Claro que Damares não chega a cogitar da hipótese de o Estado apropriar-se fisicamente de alguém, a quem ele dera permissão para engravidar, como ocorre no livro de Atwood, mas tal apropriação se dará, de forma subliminar e com perversa sutileza, caso a nova portaria passe a vigorar. Veja como: o Estado não promove políticas públicas para as mulheres, e, uma vez marginalizadas, empobrecidas e doentes, projetos de eugenia nascem como sendo a grande solução — uma peneira demagógica a tentar tapar o sol do desprezo. Muitas dessas mulheres acabam de maneira ingênua e involuntária até concordando com as resoluções. Esse é pulo do gato dos que acham que existem merecedoras e não merecedoras de tocarem os seus genes para frente.
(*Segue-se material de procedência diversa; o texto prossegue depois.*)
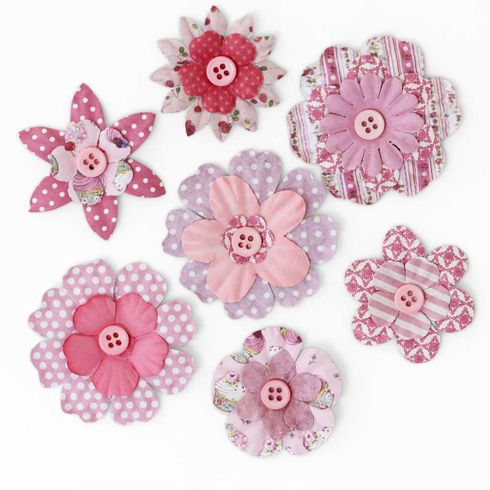 Paket vsebuje cvetje v več barvah in velikostih iz papirja.

É o Estado tornando-se dono dos direitos reprodutivos, da sexualidade e da feminilidade daquelas que se tornam alvos dessa ideologia. Há também, em tudo isso, uma farra com o dinheiro público. O SUS teria de pagar R$ 280,00 por cada bastão de Implanon. O Brasil tem cerca 60 mil presidiárias. Imaginemos que somente 20 mil delas fossem abraçadas pela portaria. O gasto seria de R$ 5,6 milhões. Isso só com detentas. Some-se as que estão em condições de rua, as profissionais do sexo e as portadoras de tuberculose e HIV.

RESPEITO Portadoras de HIV devem ter autonomia familiar: o contrário é inconstitucional (Crédito:Alina Souza)
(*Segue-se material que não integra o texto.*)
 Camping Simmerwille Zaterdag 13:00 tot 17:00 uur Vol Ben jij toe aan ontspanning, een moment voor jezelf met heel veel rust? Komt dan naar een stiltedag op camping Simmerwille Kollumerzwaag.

Há, no entanto, mais atuações de Damares e, por isso, é bem provável que ela vá se sentar na bancada de interrogatório da CPI. Em meio ao caos da saúde brasileira e aumento sem controle do número de mortos, a ministra decidiu retirar a oferta de leitos de UTIs e produtos de higiene aos povos indígenas. Esse fato significou a anulação da Lei de Proteção aos Indígenas, que repassa ao Estado a obrigatoriedade de tais serviços. A justificativa do ministério é risível: os indígenas não teriam sido “diretamente consultados”, pelo Congresso Nacional, se queriam ou não esses benefícios. Mas o desdém vai bem mais longe e se cobre de maior gravidade. Tanto é assim, que o senador Humberto Costa, no requerimento em que pede a convocação de Damares à CPI, a acusa de ter excluído as etnias indígenas do grupo prioritário de vacinação. Mostra-se, mais uma vez, o desprezo que ela tem com a integridade física, psicológica e moral das minorias.
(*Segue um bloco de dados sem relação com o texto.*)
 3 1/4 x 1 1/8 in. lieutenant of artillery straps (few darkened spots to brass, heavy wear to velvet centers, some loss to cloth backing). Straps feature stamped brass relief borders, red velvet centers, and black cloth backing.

Damares Alves ganhou cargo na Esplanada dos Ministérios por servir plenamente ao bolsonarismo na área comportamental. Damares tem o rótulo de ministra dos Direitos Humanos, mas sequer respeita a condição de que tais direitos são cláusulas pétreas da Constituição no capítulo das Garantias Fundamentais. Exemplo disso é a anulação, que ela fez, da concessão de anistia política dada a 112 pessoas que foram presas pela ditadura militar. No ano passado, Damares também já havia anulado a anistia de outros 295 oponentes da ditadura, sob a falácia de que não houve perseguição política ao longo do regime de exceção. Essa atitude de Damares é o parâmetro que dá a medida exata do quanto o bolsonarismo e ela própria atropelam os direitos humanos.